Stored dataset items

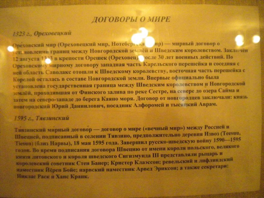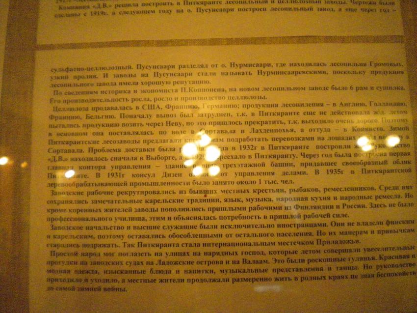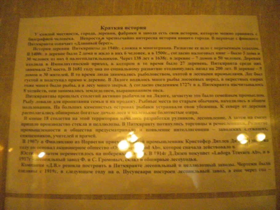 Некоторые исторические справки, размещённые в музее Питкяранта. Охватывают века с 14 по 20.
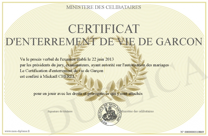 Envoyez par email votre Certificat d'enterrement de vie de garcon personalisé
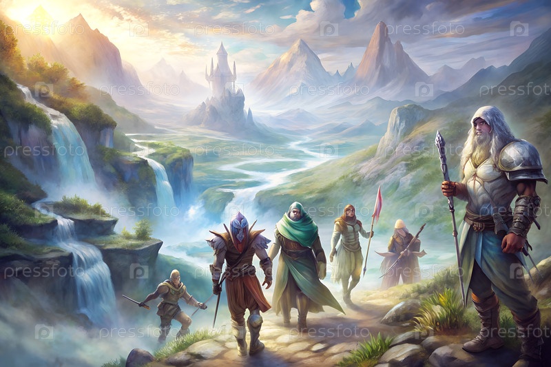 Группа фантастических приключенцев с видом на обширную горную долину и реку при восходе солнца, эпическое путешествие пейзажной сцены. g
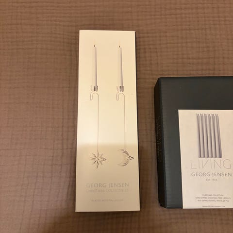 Georg Jensen Christmas Classics juletrelys i hvit farge. Hånddyppede lys beregnet for bruk på juletre eller i mindre lysestaker. Lysene er selvslukkende og er utformet for å slukke av seg selv før hele lyset er nedbrent. Passer til bruk sammen med Georg Jensen juletrepynt og lysholdere, eller andre passende holdere for tynne juletrelys.
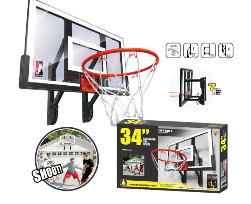 This wall mounted lifting basketball hoop features a durable high strength PC backboard and a 34 inch wide hoop designed for children. It can be mounted on a wall or over a door for safe indoor play, making it ideal for practicing basketball skills and looks best installed at a comfortable height in a bedroom or playroom for daily use.
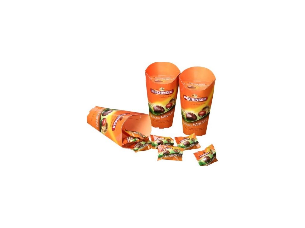Delicada crema de castañas (44%) recubierta de fino chocolate negro.
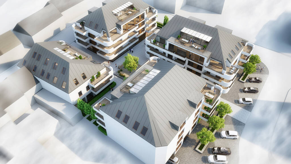 Im Herzen von Schweich, direkt gegenüber dem Rathaus, entstehen neue Wohn- und Gewerbeflächen im "Karree Neue Mitte". Das Gebäudeensemble mit vier Baukörpern überzeugt durch gelungene Architektur, eine hochwertige Ausstattung der einzelnen Wohneinheiten und die Berücksichtigung ökologischer Aspekte bei der Gestaltung sowohl der Gebäude als auch der Frei- und Grünflächen.
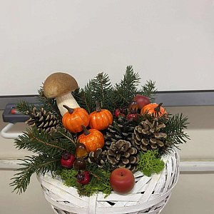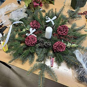 W ruch poszły żywe i sztuczne kwiaty, liście, szyszki, suszki oraz mnóstwo innych naturalnych dodatków. Dominowały oczywiście barwy jesieni – ciepłe pomarańcze, złoto, czerwienie i brązy. Niektórzy uczniowie postawili na eleganckie stroiki stołowe, inni tworzyli efektowne wieńce i wianki – idealne do dekoracji domu lub na groby bliskich. Podczas pracy uczniowie wykazali się nie tylko kreatywnością, ale także znajomością zasad florystyki – zadbali o odpowiedni układ, proporcje i kompozycję. Nie zabrakło też profesjonalnego sprzętu florystycznego: gąbek, drucików, nożyczek i klejów na gorąco – jednym słowem, prawdziwy florystyczny warsztat w akcji! Efekty? Zachwycające! Każda praca miała swój niepowtarzalny styl – od delikatnych i klasycznych po nowoczesne i odważne. W sali unosił się zapach lasu, jesiennych liści i świeżych kwiatów, a uśmiechy uczniów mówiły wszystko – nauka przez działanie to naprawdę świetna zabawa! Podsumowując – to były zajęcia pełne pasji, koloru i dobrej energii!
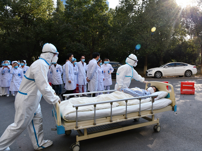 为进一步做好秋冬季新冠疫情防控工作,提高医院各级部门协作能力,增强医护人员对新冠患者救治处置流程的掌握程度, 11月13日下午,合肥市滨湖医院组织开展了新冠肺炎疑似病例应急处置演练。
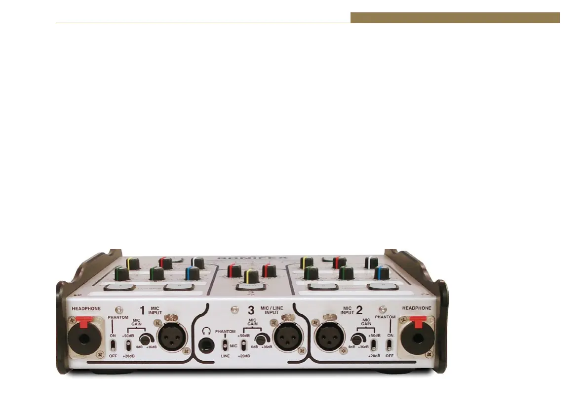 and headphone outputs as well as the microphone power and gain controls.
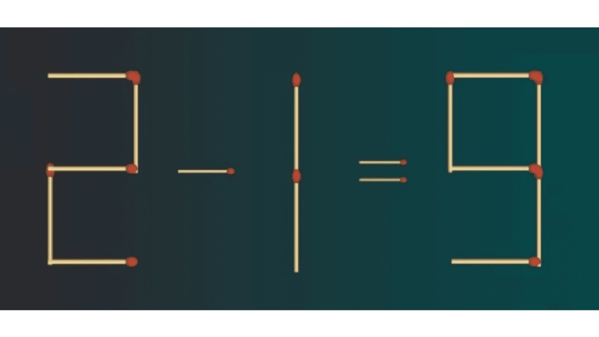 Обратите внимание на иллюстрацию, перед вами равенство «2-1=9». Конечно, в примере допущена ошибка, которую необходимо исправить. Для этого разрешается передвинуть всего одну спичку, скорее за дело.

### EXERCISE INSTRUCTIONS
From the records above, give again only the part that opens with the line containing "Georg Jensen Christmas" and closes with the line containing "Im Herzen von". Keep both ends but drop the pictures.

### RESPONSE TO THIS EXERCISE
 Georg Jensen Christmas Classics juletrelys i hvit farge. Hånddyppede lys beregnet for bruk på juletre eller i mindre lysestaker. Lysene er selvslukkende og er utformet for å slukke av seg selv før hele lyset er nedbrent. Passer til bruk sammen med Georg Jensen juletrepynt og lysholdere, eller andre passende holdere for tynne juletrelys.
 This wall mounted lifting basketball hoop features a durable high strength PC backboard and a 34 inch wide hoop designed for children. It can be mounted on a wall or over a door for safe indoor play, making it ideal for practicing basketball skills and looks best installed at a comfortable height in a bedroom or playroom for daily use.
Delicada crema de castañas (44%) recubierta de fino chocolate negro.
 Im Herzen von Schweich, direkt gegenüber dem Rathaus, entstehen neue Wohn- und Gewerbeflächen im "Karree Neue Mitte". Das Gebäudeensemble mit vier Baukörpern überzeugt durch gelungene Architektur, eine hochwertige Ausstattung der einzelnen Wohneinheiten und die Berücksichtigung ökologischer Aspekte bei der Gestaltung sowohl der Gebäude als auch der Frei- und Grünflächen.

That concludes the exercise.